• **Supplied information**
┄┄┄┄┄┄

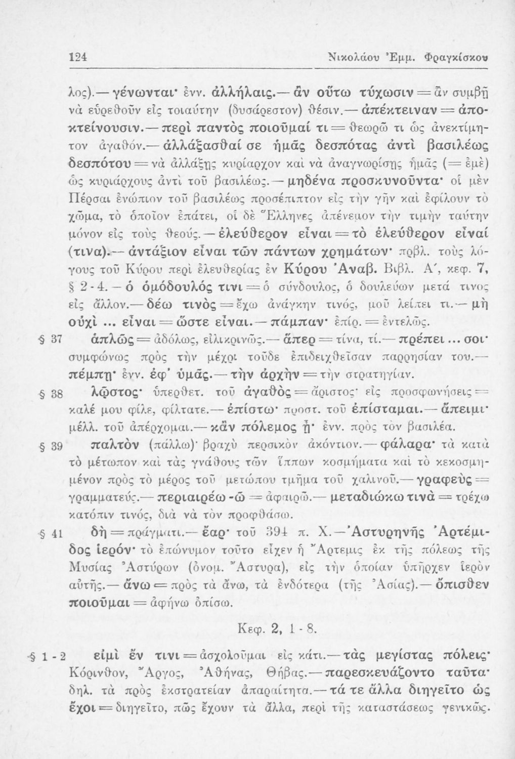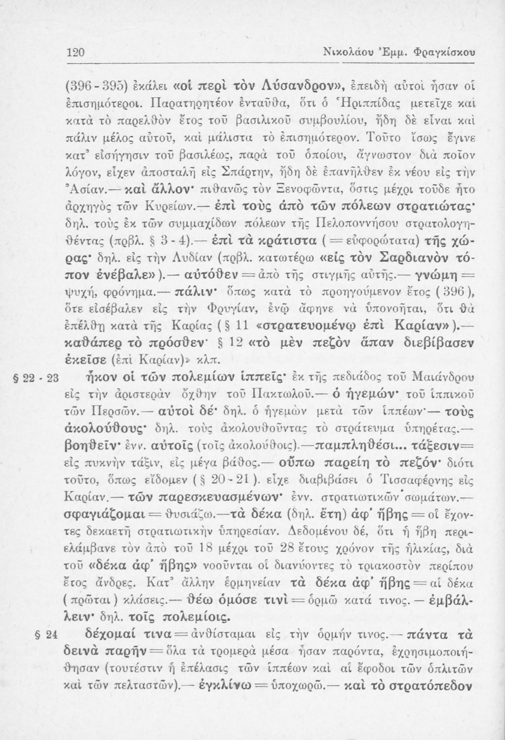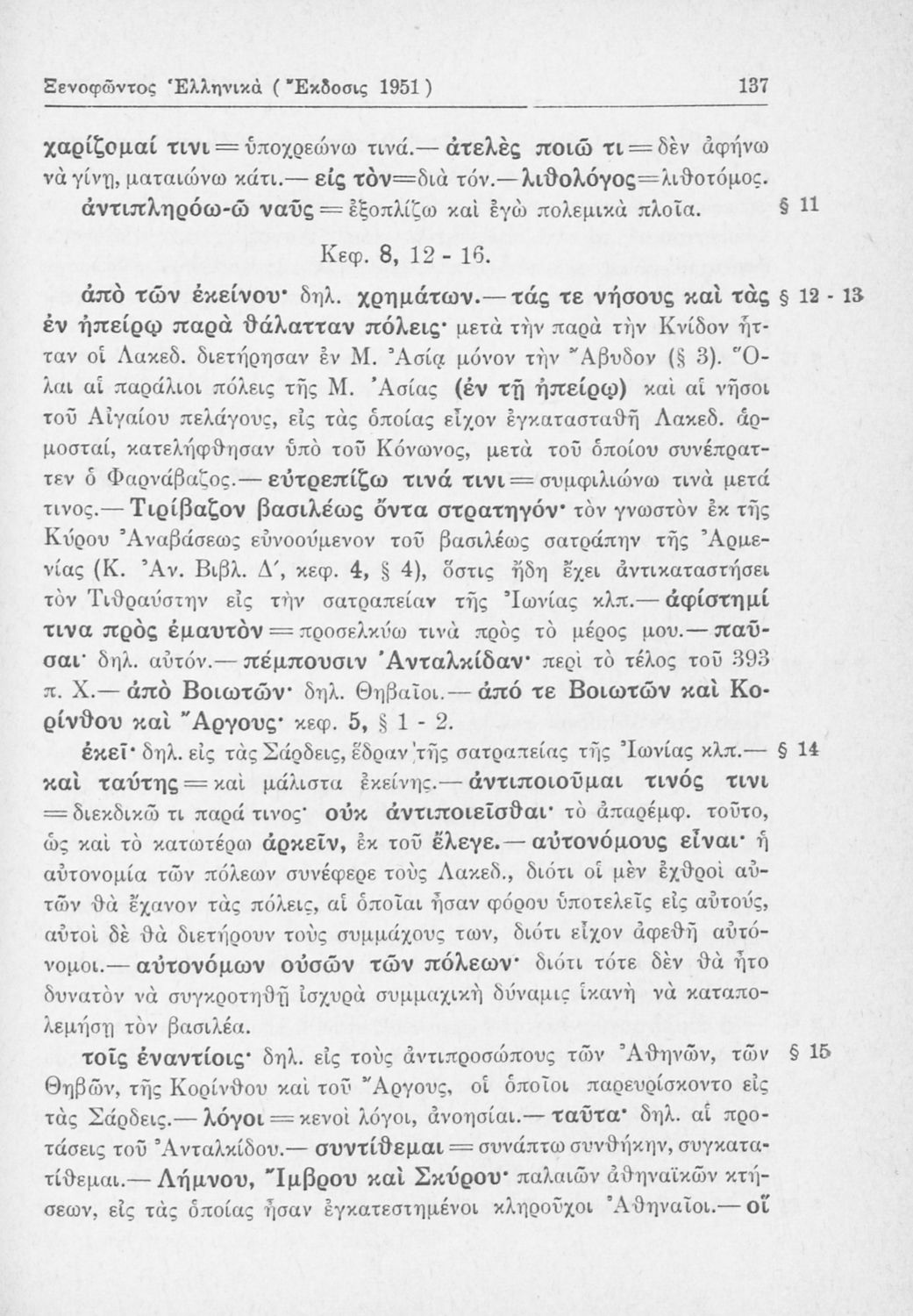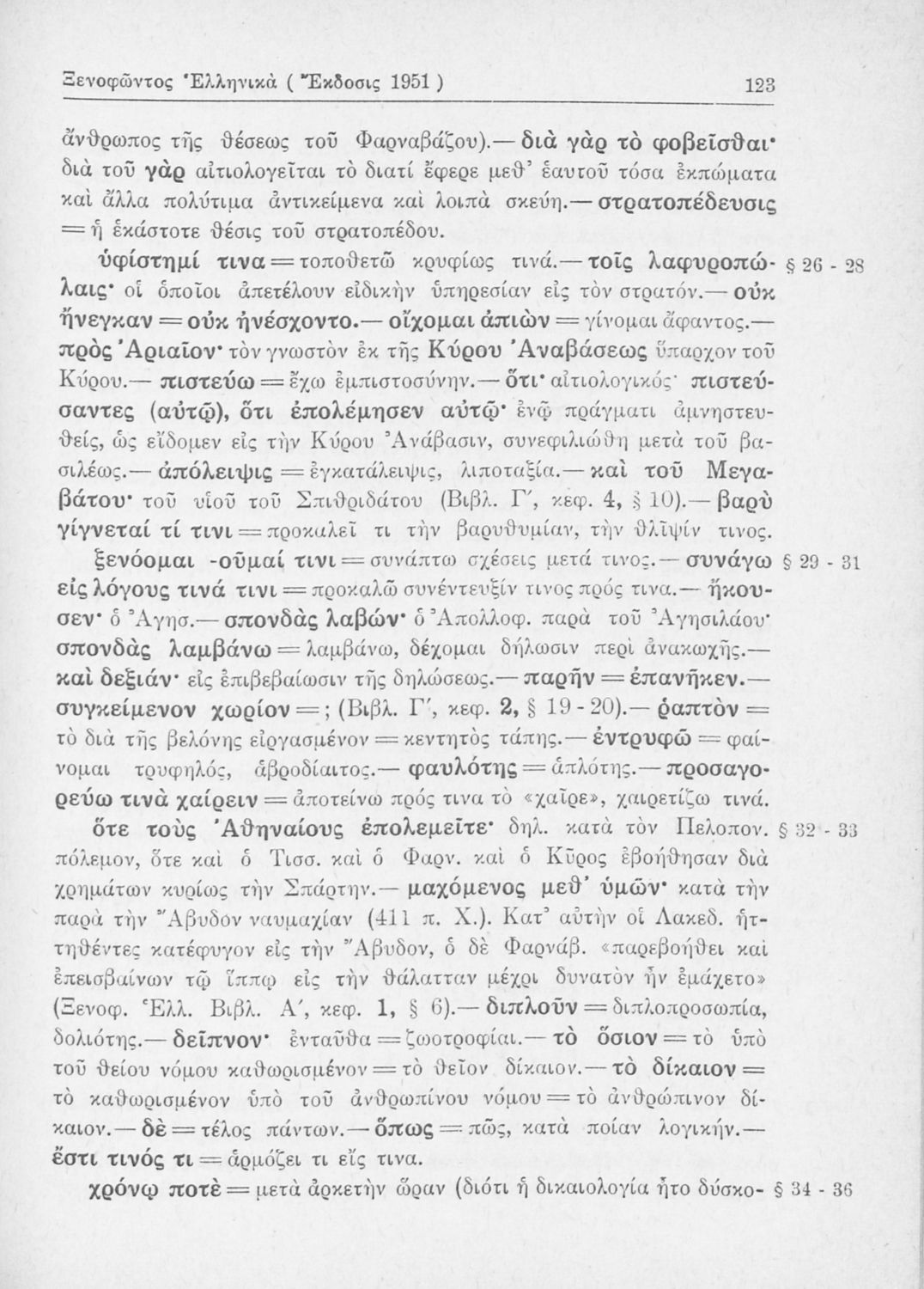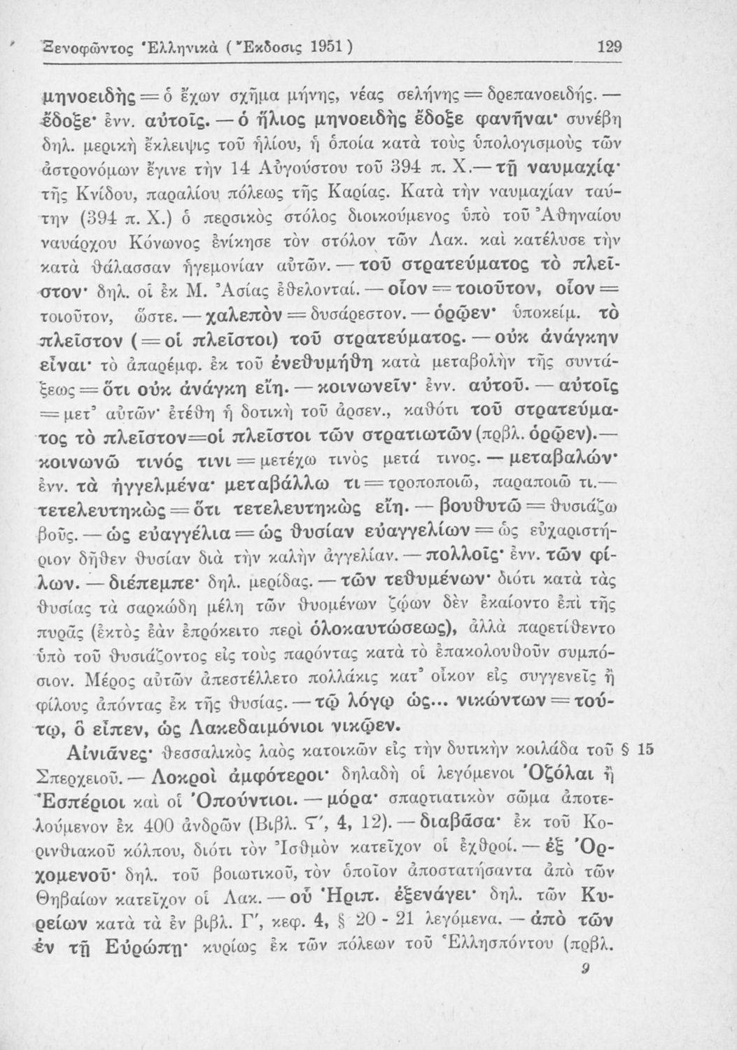 Σχολικό εγχειρίδιο Αρχαίων Ελληνικών Β΄ Γυμνασίου που περιλαμβάνει αποσπάσματα από τα Ελληνικά του Ξενοφώντα, εισαγωγή, ερμηνευτικές παρατηρήσεις και πίνακες και σχεδιαγράμματα μαχών.
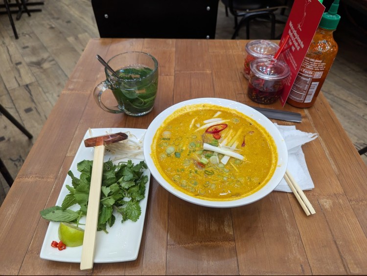 Para comeracabei por escolher o Curry Noodle Soup – um prato que junta o clássico caril vietnamita e a sopa de noodles. Posso afirmar que era muito bom e não pensem que uma sopa não vos chega, porque a tigela de sopa vem com imensos noodles e vegetais. Eu escolhi a que vem com carne de vaca desfiada, mas há outras opções como com frango ou tofu e cogumelos ou camarões. Se estiverem por estes lados recomendo este restaurante, a zona pode não ser tão bonita como junto aos canais, mas o Bullring shopping center é uma visita cultural que deve ser feita. Se estiverem por Londres também podem ter a mesma experiência, uma vez que esta franchise está espalhada por algumas cidades de Inglaterra.
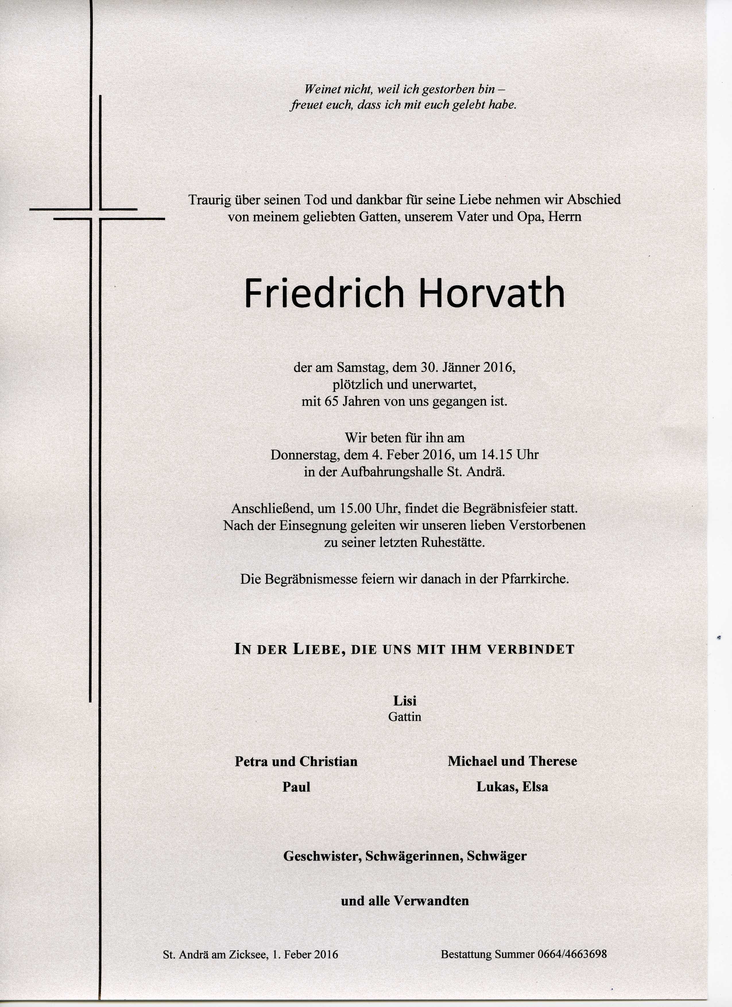 Horvath Friedrich aus 7161 St. Andrä am Zicksee, gestorben am 30. Jänner 2016
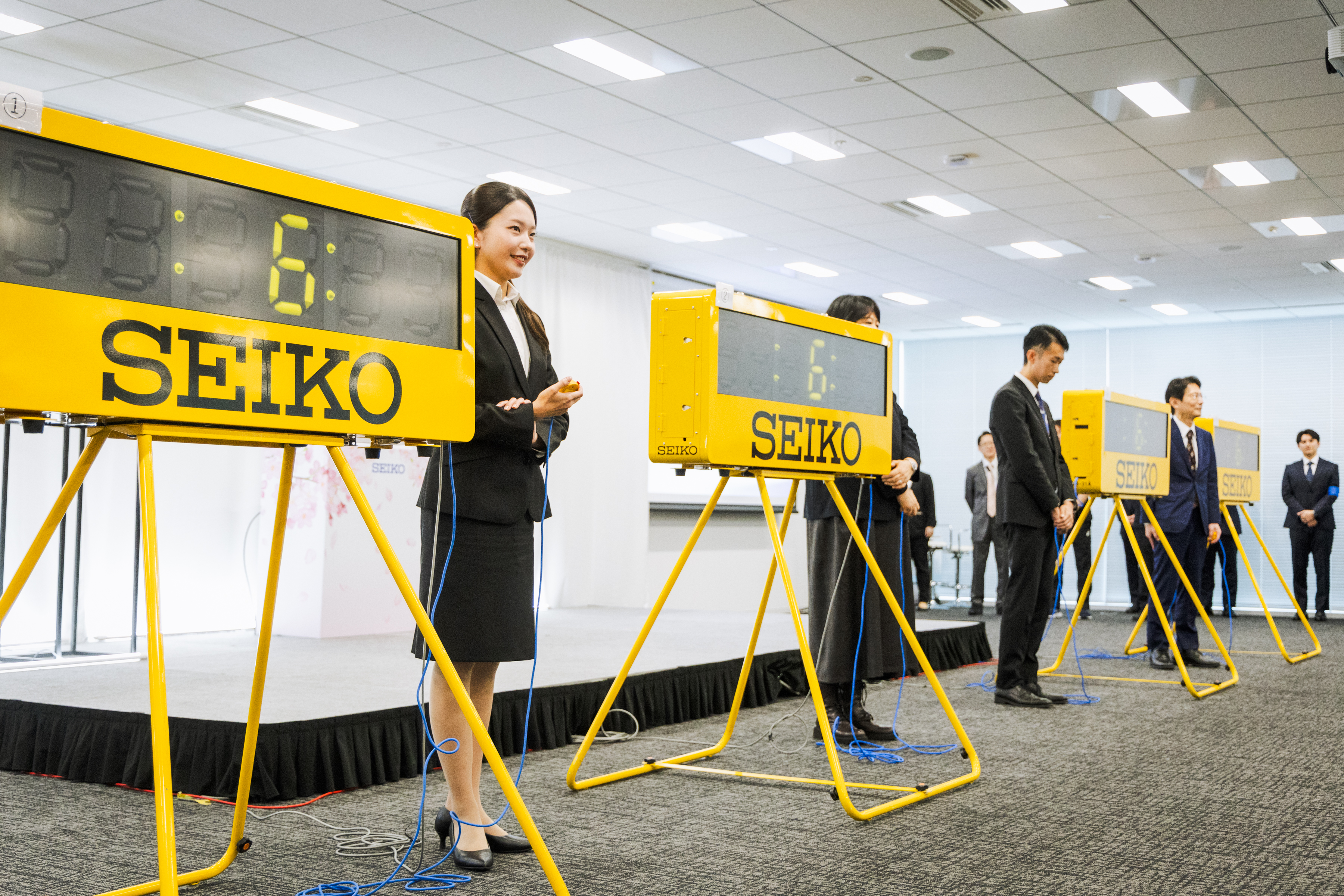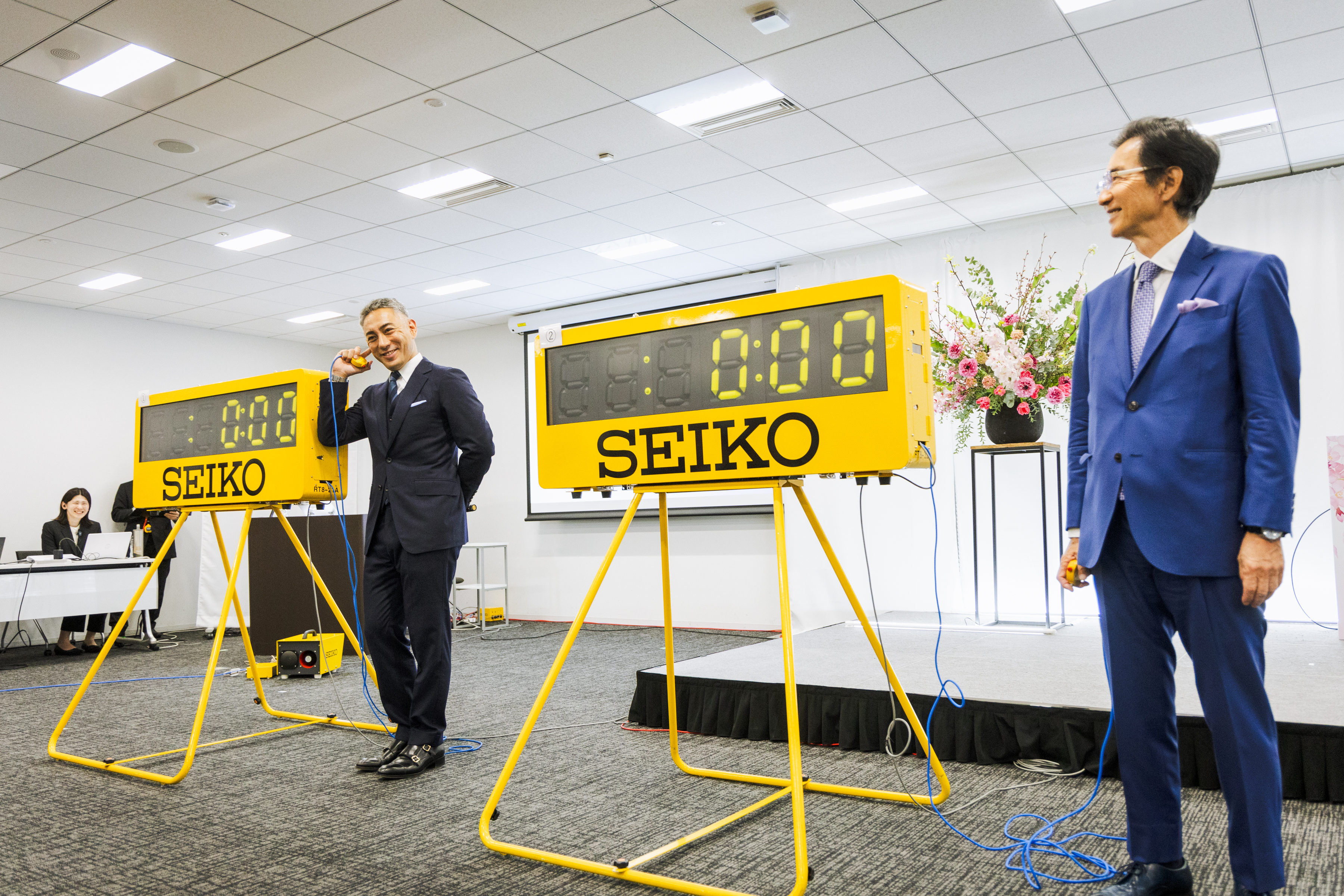 - 新入社員と役員対抗で、セイコータイマーを使用して山縣選手が持つ陸上男子100m日本記録でタイマーストップを目指すレクリエーションゲーム

┄┄┄┄┄┄

• **Exercise**
The full data, repeated exactly and stripped of its pictures, is the expected answer.

• **Solved problem**
 Σχολικό εγχειρίδιο Αρχαίων Ελληνικών Β΄ Γυμνασίου που περιλαμβάνει αποσπάσματα από τα Ελληνικά του Ξενοφώντα, εισαγωγή, ερμηνευτικές παρατηρήσεις και πίνακες και σχεδιαγράμματα μαχών.
 Para comeracabei por escolher o Curry Noodle Soup – um prato que junta o clássico caril vietnamita e a sopa de noodles. Posso afirmar que era muito bom e não pensem que uma sopa não vos chega, porque a tigela de sopa vem com imensos noodles e vegetais. Eu escolhi a que vem com carne de vaca desfiada, mas há outras opções como com frango ou tofu e cogumelos ou camarões. Se estiverem por estes lados recomendo este restaurante, a zona pode não ser tão bonita como junto aos canais, mas o Bullring shopping center é uma visita cultural que deve ser feita. Se estiverem por Londres também podem ter a mesma experiência, uma vez que esta franchise está espalhada por algumas cidades de Inglaterra.
 Horvath Friedrich aus 7161 St. Andrä am Zicksee, gestorben am 30. Jänner 2016
 - 新入社員と役員対抗で、セイコータイマーを使用して山縣選手が持つ陸上男子100m日本記録でタイマーストップを目指すレクリエーションゲーム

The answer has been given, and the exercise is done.